---------- Source records ----------

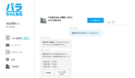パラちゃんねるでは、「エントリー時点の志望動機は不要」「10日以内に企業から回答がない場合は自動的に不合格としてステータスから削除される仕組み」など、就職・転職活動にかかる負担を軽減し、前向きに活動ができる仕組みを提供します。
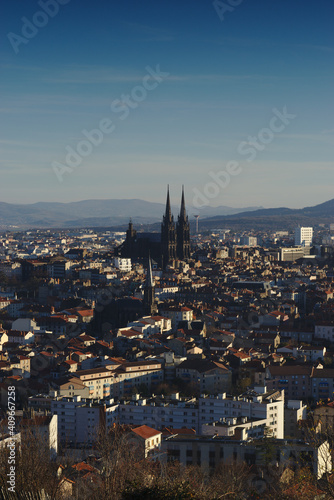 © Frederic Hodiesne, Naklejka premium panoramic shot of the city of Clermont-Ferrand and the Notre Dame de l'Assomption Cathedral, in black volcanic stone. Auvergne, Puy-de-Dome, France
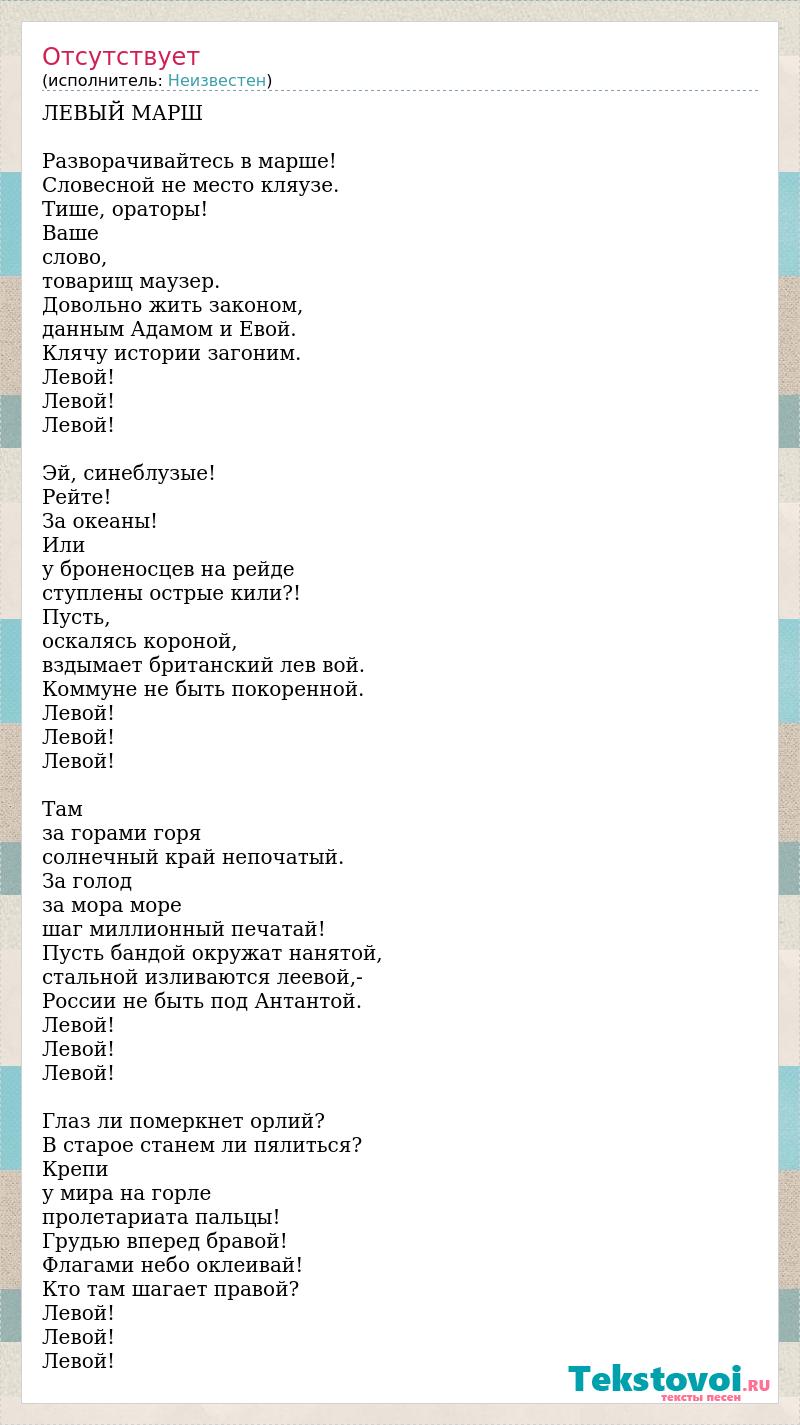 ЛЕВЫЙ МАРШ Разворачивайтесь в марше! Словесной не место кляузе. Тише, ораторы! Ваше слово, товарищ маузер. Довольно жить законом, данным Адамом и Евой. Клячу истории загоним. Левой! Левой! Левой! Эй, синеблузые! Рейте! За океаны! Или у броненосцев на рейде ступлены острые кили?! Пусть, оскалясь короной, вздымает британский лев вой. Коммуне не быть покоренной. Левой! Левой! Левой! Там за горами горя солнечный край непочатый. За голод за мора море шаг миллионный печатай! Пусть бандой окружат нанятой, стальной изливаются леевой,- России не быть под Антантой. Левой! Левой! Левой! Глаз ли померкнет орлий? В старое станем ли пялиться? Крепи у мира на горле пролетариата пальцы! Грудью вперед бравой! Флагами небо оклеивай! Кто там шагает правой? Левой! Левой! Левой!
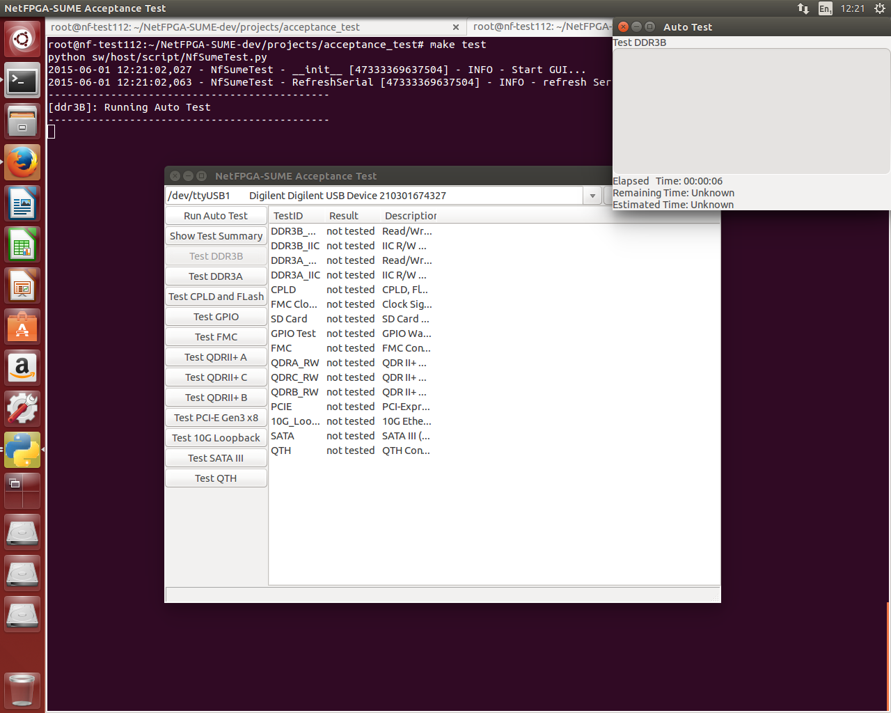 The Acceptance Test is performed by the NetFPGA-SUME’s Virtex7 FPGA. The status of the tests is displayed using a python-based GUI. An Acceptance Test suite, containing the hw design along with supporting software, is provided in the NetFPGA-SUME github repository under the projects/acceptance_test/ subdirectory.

----------
---------- Source records ----------

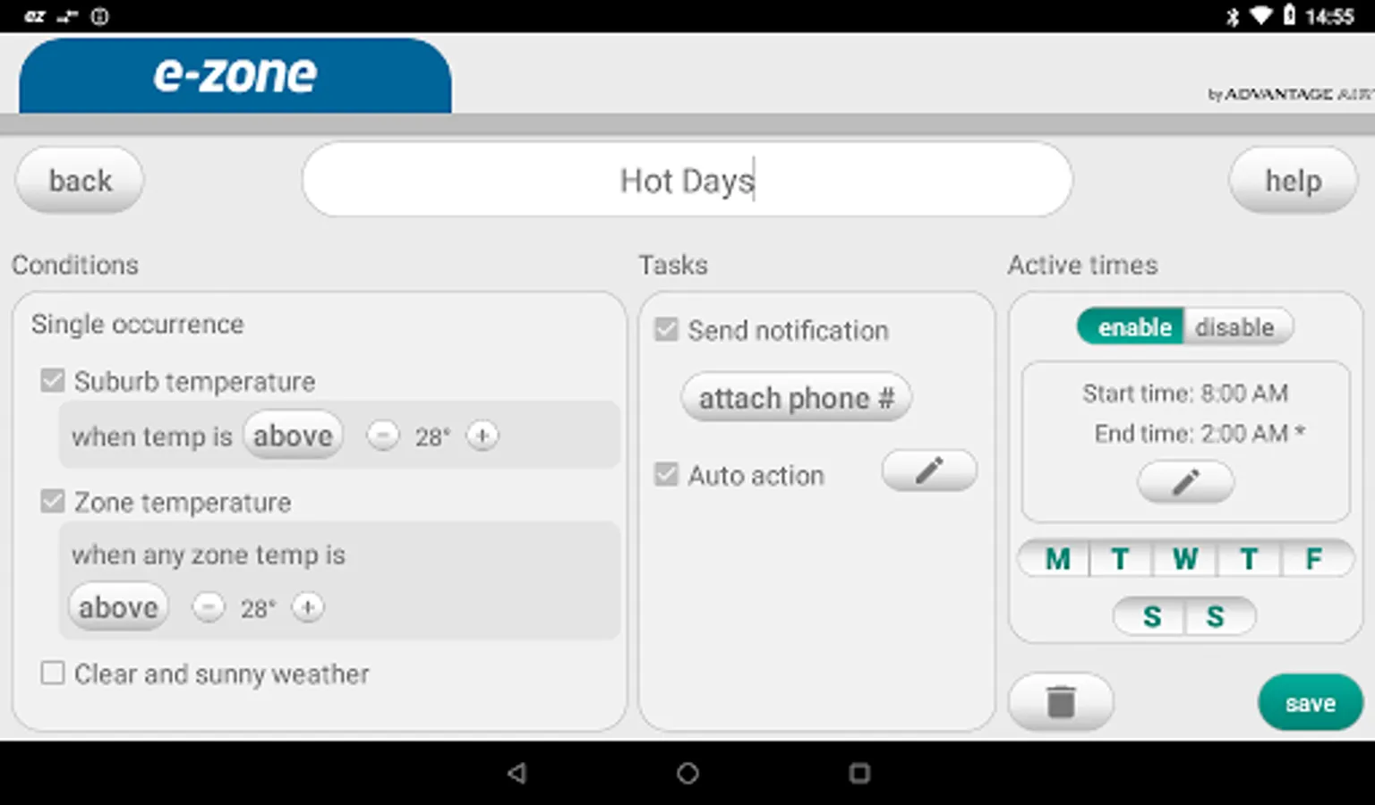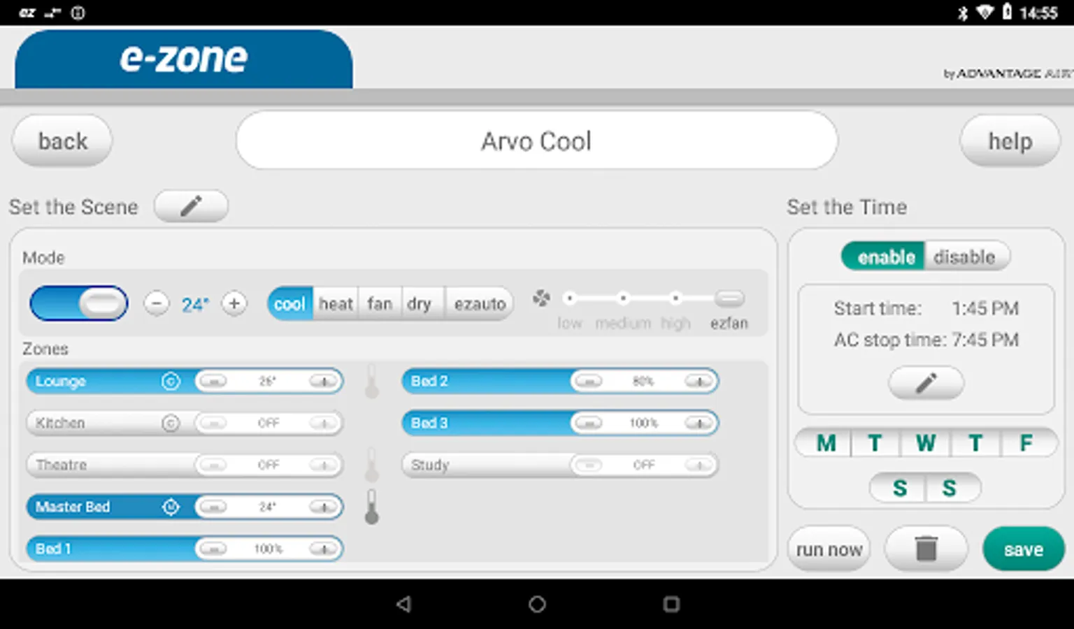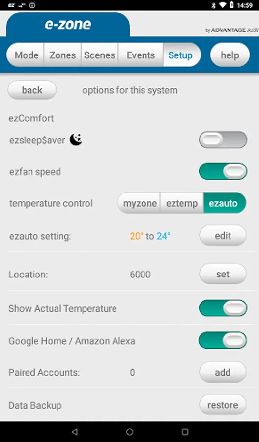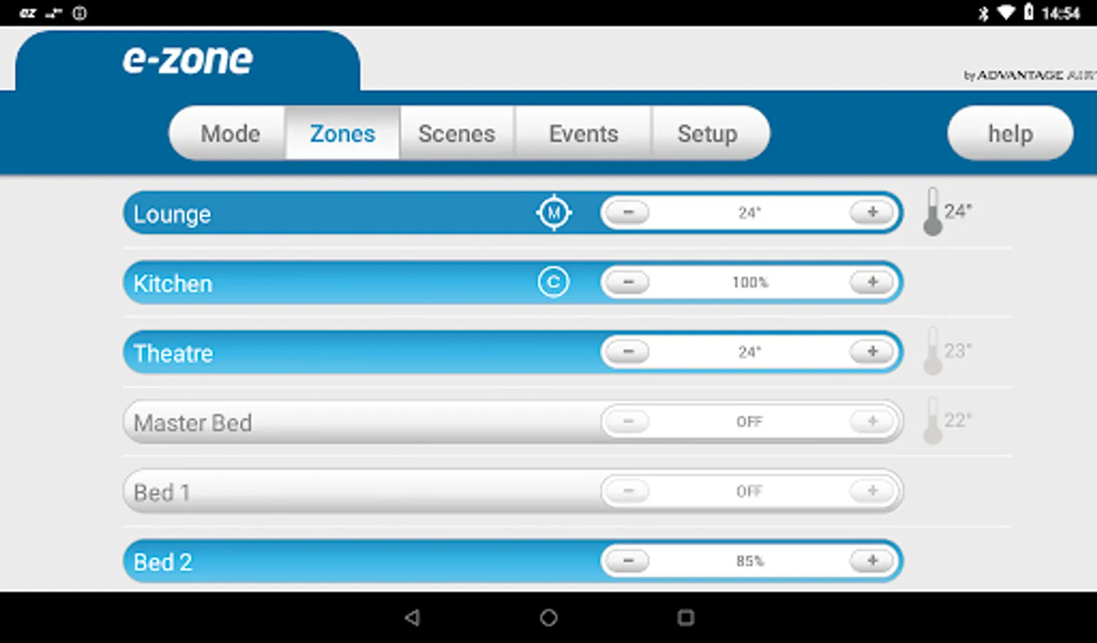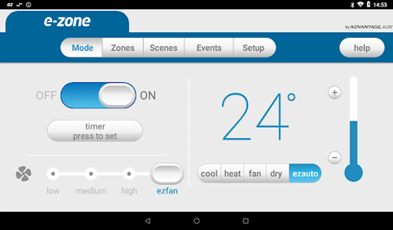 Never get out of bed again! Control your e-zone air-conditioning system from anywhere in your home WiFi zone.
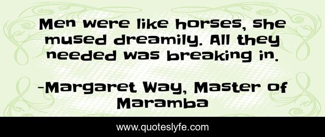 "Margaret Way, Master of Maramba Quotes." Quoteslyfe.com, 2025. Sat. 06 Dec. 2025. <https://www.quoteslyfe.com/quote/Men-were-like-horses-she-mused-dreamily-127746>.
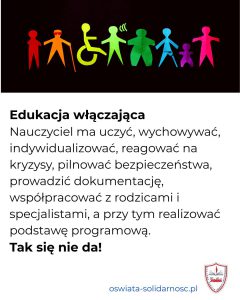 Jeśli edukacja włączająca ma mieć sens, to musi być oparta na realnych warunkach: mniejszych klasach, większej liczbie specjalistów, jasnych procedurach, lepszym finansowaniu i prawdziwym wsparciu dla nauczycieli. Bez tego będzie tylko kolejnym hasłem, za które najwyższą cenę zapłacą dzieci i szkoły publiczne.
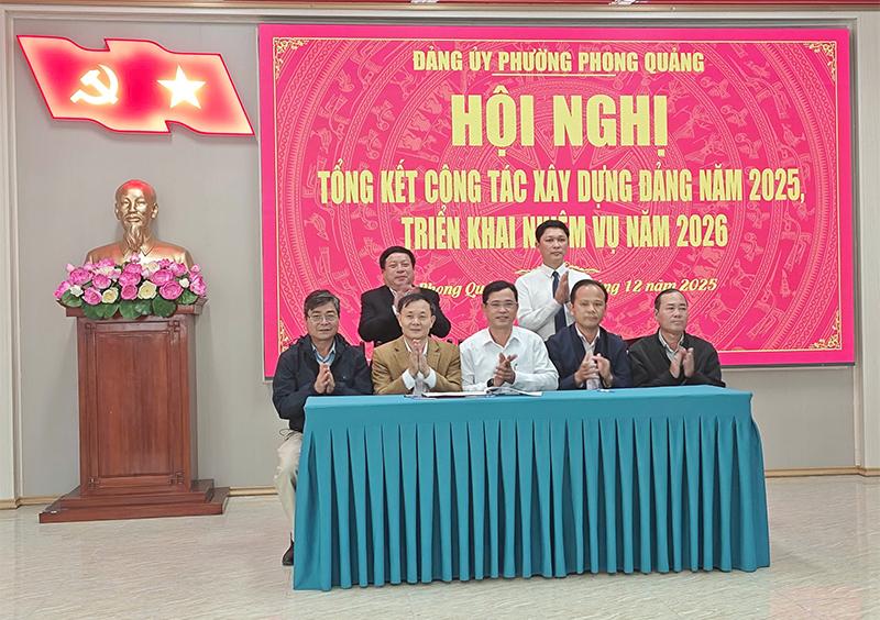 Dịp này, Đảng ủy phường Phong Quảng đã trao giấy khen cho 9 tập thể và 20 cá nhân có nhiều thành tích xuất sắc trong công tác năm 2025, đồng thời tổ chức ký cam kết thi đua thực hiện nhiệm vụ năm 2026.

----------

* _Your assignment_: All lines above starting at the one with "Auvergne, Puy-de-Dome, France" and ending at the one with "ЛЕВЫЙ МАРШ Разворачивайтесь", inclusive, are to be printed again exactly, with the pictures left out.

* _Output below_:
 © Frederic Hodiesne, Naklejka premium panoramic shot of the city of Clermont-Ferrand and the Notre Dame de l'Assomption Cathedral, in black volcanic stone. Auvergne, Puy-de-Dome, France
 ЛЕВЫЙ МАРШ Разворачивайтесь в марше! Словесной не место кляузе. Тише, ораторы! Ваше слово, товарищ маузер. Довольно жить законом, данным Адамом и Евой. Клячу истории загоним. Левой! Левой! Левой! Эй, синеблузые! Рейте! За океаны! Или у броненосцев на рейде ступлены острые кили?! Пусть, оскалясь короной, вздымает британский лев вой. Коммуне не быть покоренной. Левой! Левой! Левой! Там за горами горя солнечный край непочатый. За голод за мора море шаг миллионный печатай! Пусть бандой окружат нанятой, стальной изливаются леевой,- России не быть под Антантой. Левой! Левой! Левой! Глаз ли померкнет орлий? В старое станем ли пялиться? Крепи у мира на горле пролетариата пальцы! Грудью вперед бравой! Флагами небо оклеивай! Кто там шагает правой? Левой! Левой! Левой!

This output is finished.